# Work instructions
The pictures must be left out, while the rest of the data is copied exactly.

Collection entries:
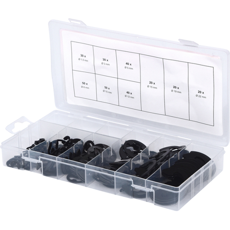Erleben Sie eine umfassende Auswahl an E-Sicherungsringen, die in verschiedenen Durchmessern von 1,6 bis 19,1 mm erhältlich sind. Dieses Sortiment umfasst insgesamt 300 Teile und ist gemäß der Norm DIN 6799 gefertigt, sodass Sie sich auf höchste Qualität und Präzision verlassen können.
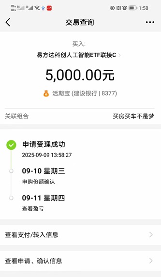 1.科创人工智能:我今天新建仓$易方达科创人工智能ETF联接C(OTCFUND|023565)$ 5000元。这支基金是上证科创板人工智能指数(简称科创AI,代码950180)ETF联接基金。该指数聚焦上证科创板人工智能领域核心资产,成分股集中于半导体、算法框架、智能终端等硬科技领域。科创人工智能近一年涨151.31%,近3月涨33.09%,近1月涨23.52%,业绩优于中证人工智能指数。展望未来,受益于整个人工智能产业的快速发展,科创人工智能涨势很好,国产替代成为历史大趋势。上周四指数大阴线调整,回踩20天均线获得有效支撑,周五踩着20天均线向上拉出一根实体阳线,昨天与今天指数连续走出两根红十字星,上影线触及5天均线,下影线触及20天均线,我认为是止跌反弹的明确信号。今天正是低吸二次进场的好时机,我决定建仓本基金,我认为科创人工智能的行情还远没有结束。下面我晒一下买入操作记录:
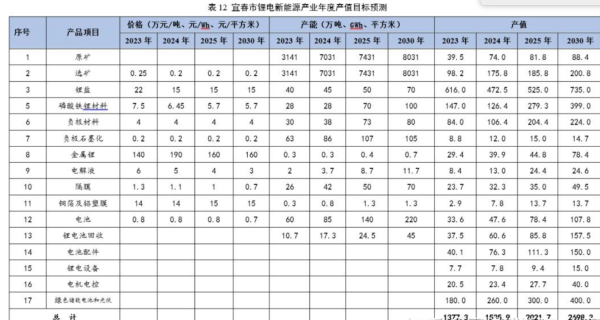 根据《规划》宜春市到2025年碳酸锂产量将达到50万吨,2030年为70万吨。
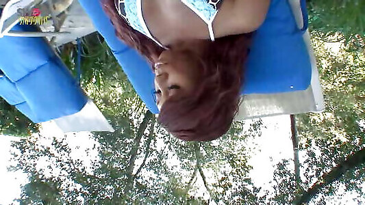 Chocolate MILF in a blue bikini gets fucked by a white dude
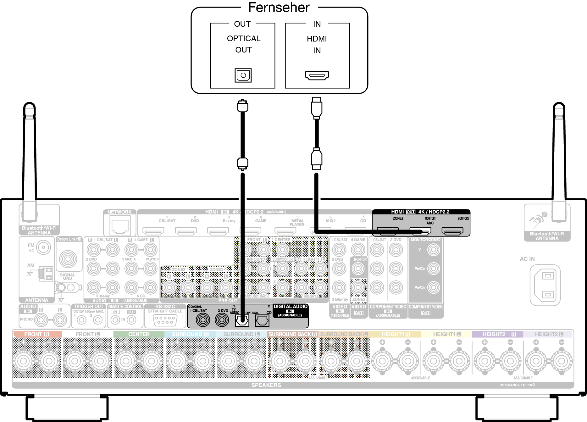 Verwenden Sie ein HDMI-Kabel, um den Fernseher an dieses Gerät anzuschließen.
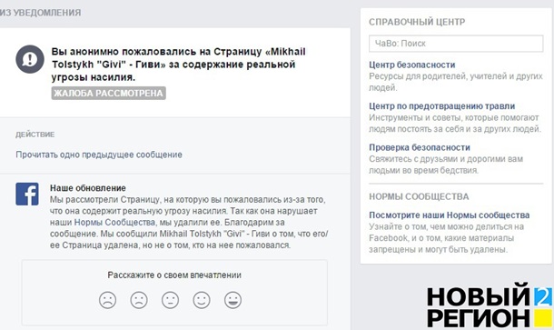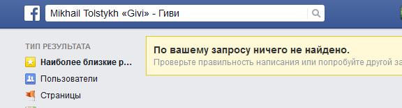 Сторінка "Mikhail Tolstykh "Givi" - Гіві" була вилучена менш ніж через дві доби після публікації блогера і журналіста Костянтина Катишева про те, що популярна соціальна мережа ігнорує скарги на сторінку Гіві.

# Response
Erleben Sie eine umfassende Auswahl an E-Sicherungsringen, die in verschiedenen Durchmessern von 1,6 bis 19,1 mm erhältlich sind. Dieses Sortiment umfasst insgesamt 300 Teile und ist gemäß der Norm DIN 6799 gefertigt, sodass Sie sich auf höchste Qualität und Präzision verlassen können.
 1.科创人工智能:我今天新建仓$易方达科创人工智能ETF联接C(OTCFUND|023565)$ 5000元。这支基金是上证科创板人工智能指数(简称科创AI,代码950180)ETF联接基金。该指数聚焦上证科创板人工智能领域核心资产,成分股集中于半导体、算法框架、智能终端等硬科技领域。科创人工智能近一年涨151.31%,近3月涨33.09%,近1月涨23.52%,业绩优于中证人工智能指数。展望未来,受益于整个人工智能产业的快速发展,科创人工智能涨势很好,国产替代成为历史大趋势。上周四指数大阴线调整,回踩20天均线获得有效支撑,周五踩着20天均线向上拉出一根实体阳线,昨天与今天指数连续走出两根红十字星,上影线触及5天均线,下影线触及20天均线,我认为是止跌反弹的明确信号。今天正是低吸二次进场的好时机,我决定建仓本基金,我认为科创人工智能的行情还远没有结束。下面我晒一下买入操作记录:
 根据《规划》宜春市到2025年碳酸锂产量将达到50万吨,2030年为70万吨。
 Chocolate MILF in a blue bikini gets fucked by a white dude
 Verwenden Sie ein HDMI-Kabel, um den Fernseher an dieses Gerät anzuschließen.
 Сторінка "Mikhail Tolstykh "Givi" - Гіві" була вилучена менш ніж через дві доби після публікації блогера і журналіста Костянтина Катишева про те, що популярна соціальна мережа ігнорує скарги на сторінку Гіві.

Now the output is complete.